=== Try it ===
Please output the data exactly, minus pictures.

=== Data shown ===
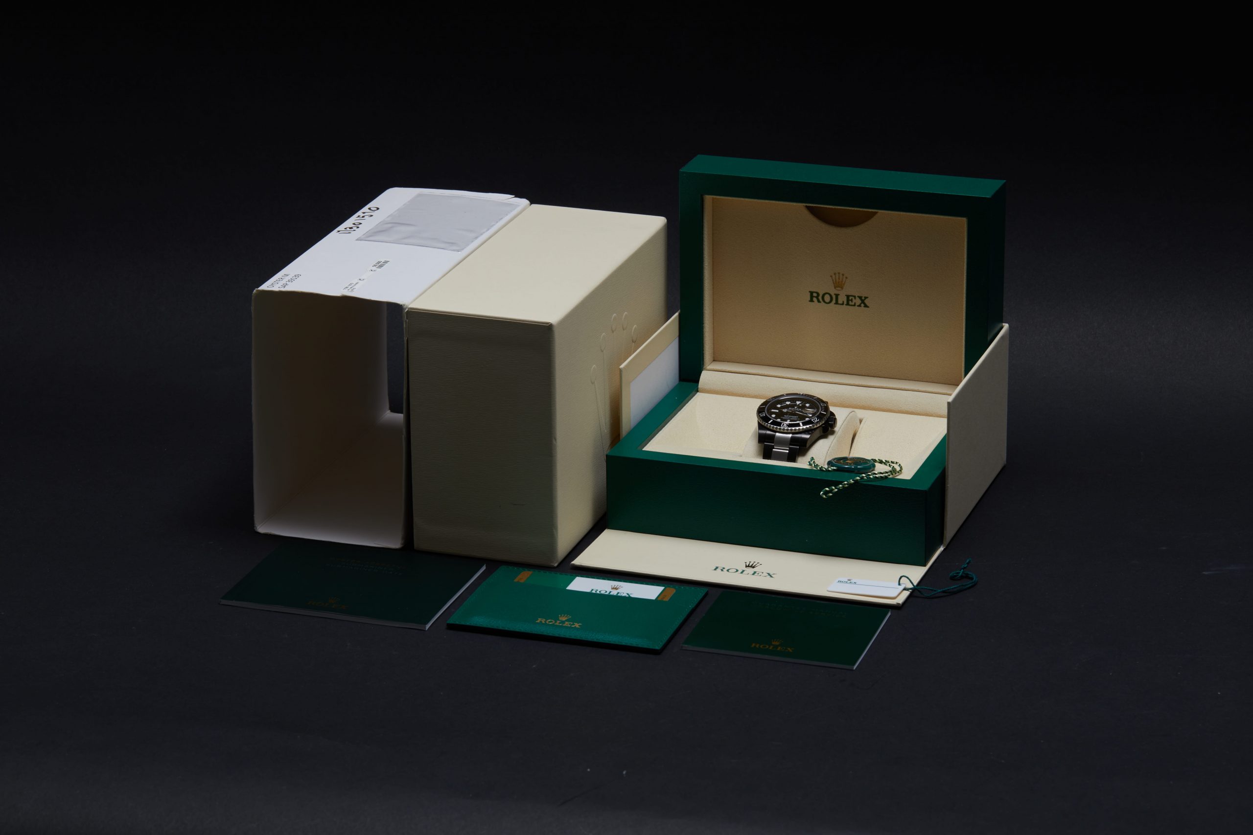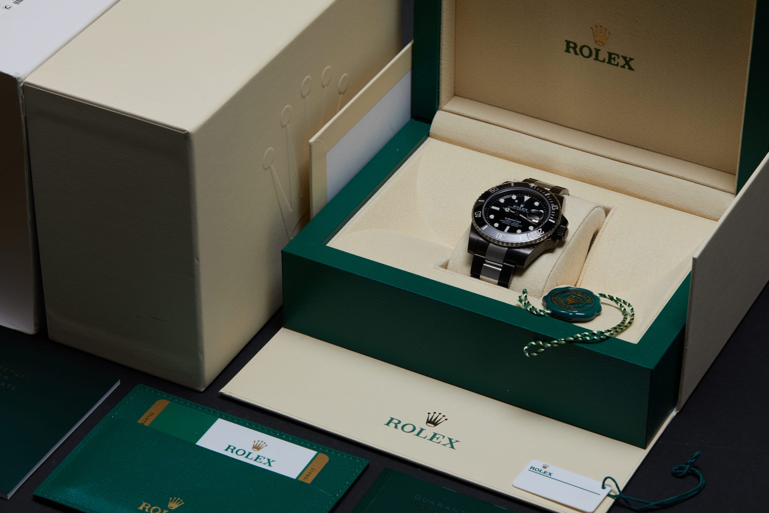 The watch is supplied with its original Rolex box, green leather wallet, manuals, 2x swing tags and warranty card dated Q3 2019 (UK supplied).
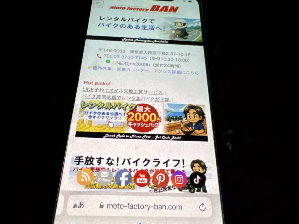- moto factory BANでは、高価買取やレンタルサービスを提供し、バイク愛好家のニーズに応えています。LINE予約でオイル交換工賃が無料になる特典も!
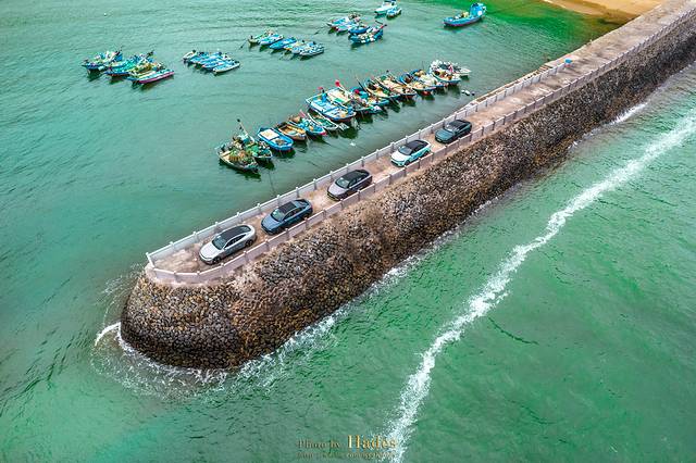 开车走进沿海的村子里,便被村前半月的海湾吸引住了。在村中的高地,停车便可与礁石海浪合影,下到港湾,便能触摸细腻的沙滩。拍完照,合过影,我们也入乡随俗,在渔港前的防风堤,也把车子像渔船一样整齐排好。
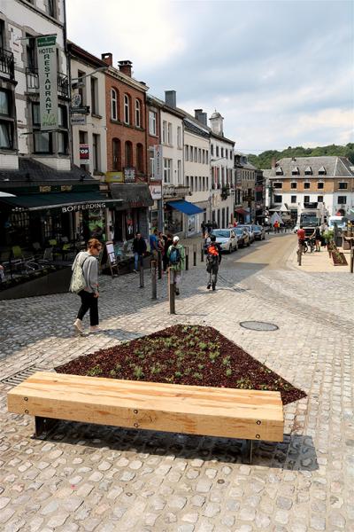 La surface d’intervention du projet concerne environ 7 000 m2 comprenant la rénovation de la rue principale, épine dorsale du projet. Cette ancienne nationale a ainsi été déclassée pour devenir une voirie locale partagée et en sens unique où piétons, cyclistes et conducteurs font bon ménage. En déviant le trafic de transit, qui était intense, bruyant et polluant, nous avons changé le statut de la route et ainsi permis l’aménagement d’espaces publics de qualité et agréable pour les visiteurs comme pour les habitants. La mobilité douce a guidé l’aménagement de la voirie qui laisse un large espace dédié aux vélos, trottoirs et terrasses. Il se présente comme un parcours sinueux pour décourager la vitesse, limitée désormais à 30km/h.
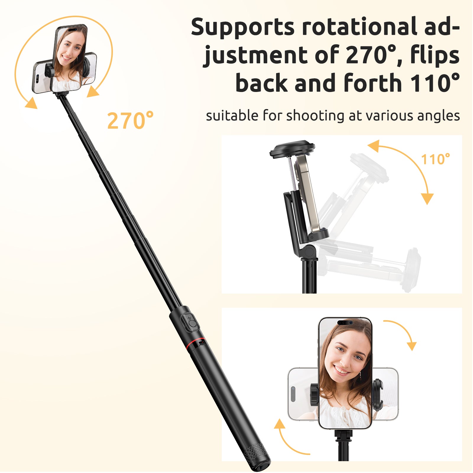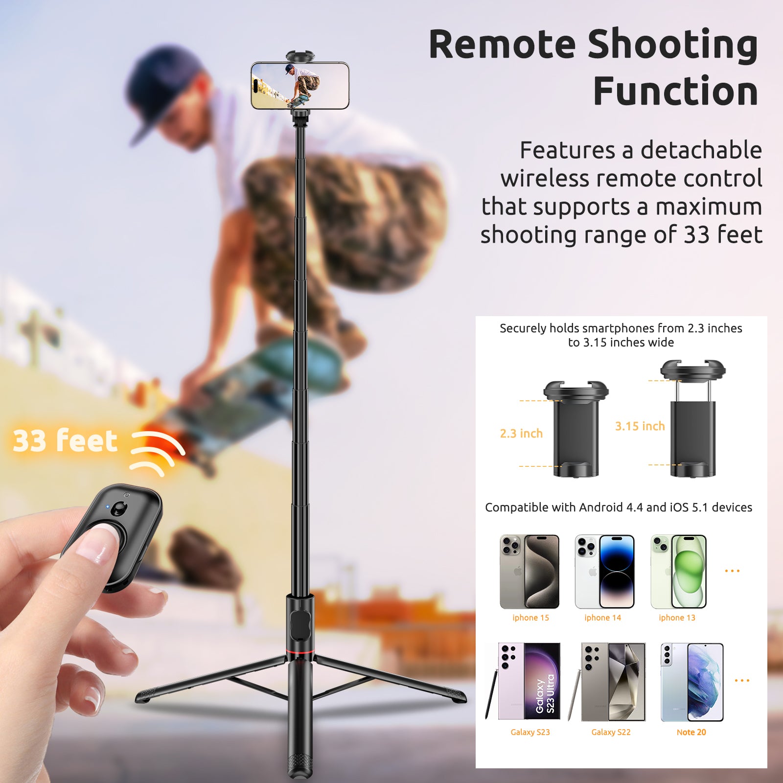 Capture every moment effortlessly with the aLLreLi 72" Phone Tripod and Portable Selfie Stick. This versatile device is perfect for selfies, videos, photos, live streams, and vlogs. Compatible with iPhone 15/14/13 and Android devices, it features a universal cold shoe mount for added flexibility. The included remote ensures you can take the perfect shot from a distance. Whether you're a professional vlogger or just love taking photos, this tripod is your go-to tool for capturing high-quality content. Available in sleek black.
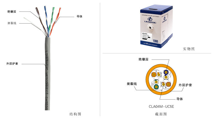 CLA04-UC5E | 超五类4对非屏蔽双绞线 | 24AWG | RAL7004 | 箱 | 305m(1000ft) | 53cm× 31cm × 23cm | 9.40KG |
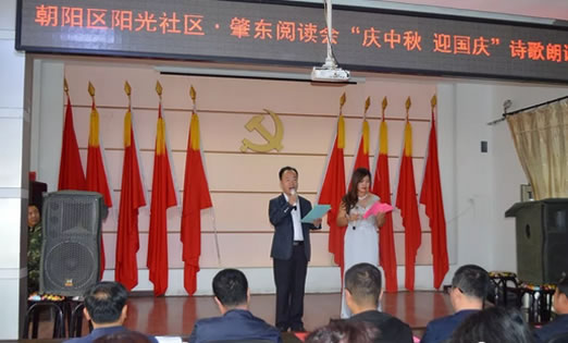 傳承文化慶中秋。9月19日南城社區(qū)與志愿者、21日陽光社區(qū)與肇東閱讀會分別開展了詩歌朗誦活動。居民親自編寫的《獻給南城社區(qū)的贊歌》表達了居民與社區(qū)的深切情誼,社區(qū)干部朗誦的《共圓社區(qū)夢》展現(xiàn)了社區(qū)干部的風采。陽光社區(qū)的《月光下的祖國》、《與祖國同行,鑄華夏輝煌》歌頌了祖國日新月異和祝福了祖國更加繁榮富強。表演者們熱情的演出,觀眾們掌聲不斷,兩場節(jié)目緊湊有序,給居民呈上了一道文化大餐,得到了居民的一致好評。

=== Answer space ===
 The watch is supplied with its original Rolex box, green leather wallet, manuals, 2x swing tags and warranty card dated Q3 2019 (UK supplied).
- moto factory BANでは、高価買取やレンタルサービスを提供し、バイク愛好家のニーズに応えています。LINE予約でオイル交換工賃が無料になる特典も!
 开车走进沿海的村子里,便被村前半月的海湾吸引住了。在村中的高地,停车便可与礁石海浪合影,下到港湾,便能触摸细腻的沙滩。拍完照,合过影,我们也入乡随俗,在渔港前的防风堤,也把车子像渔船一样整齐排好。
 La surface d’intervention du projet concerne environ 7 000 m2 comprenant la rénovation de la rue principale, épine dorsale du projet. Cette ancienne nationale a ainsi été déclassée pour devenir une voirie locale partagée et en sens unique où piétons, cyclistes et conducteurs font bon ménage. En déviant le trafic de transit, qui était intense, bruyant et polluant, nous avons changé le statut de la route et ainsi permis l’aménagement d’espaces publics de qualité et agréable pour les visiteurs comme pour les habitants. La mobilité douce a guidé l’aménagement de la voirie qui laisse un large espace dédié aux vélos, trottoirs et terrasses. Il se présente comme un parcours sinueux pour décourager la vitesse, limitée désormais à 30km/h.
 Capture every moment effortlessly with the aLLreLi 72" Phone Tripod and Portable Selfie Stick. This versatile device is perfect for selfies, videos, photos, live streams, and vlogs. Compatible with iPhone 15/14/13 and Android devices, it features a universal cold shoe mount for added flexibility. The included remote ensures you can take the perfect shot from a distance. Whether you're a professional vlogger or just love taking photos, this tripod is your go-to tool for capturing high-quality content. Available in sleek black.
 CLA04-UC5E | 超五类4对非屏蔽双绞线 | 24AWG | RAL7004 | 箱 | 305m(1000ft) | 53cm× 31cm × 23cm | 9.40KG |
 傳承文化慶中秋。9月19日南城社區(qū)與志愿者、21日陽光社區(qū)與肇東閱讀會分別開展了詩歌朗誦活動。居民親自編寫的《獻給南城社區(qū)的贊歌》表達了居民與社區(qū)的深切情誼,社區(qū)干部朗誦的《共圓社區(qū)夢》展現(xiàn)了社區(qū)干部的風采。陽光社區(qū)的《月光下的祖國》、《與祖國同行,鑄華夏輝煌》歌頌了祖國日新月異和祝福了祖國更加繁榮富強。表演者們熱情的演出,觀眾們掌聲不斷,兩場節(jié)目緊湊有序,給居民呈上了一道文化大餐,得到了居民的一致好評。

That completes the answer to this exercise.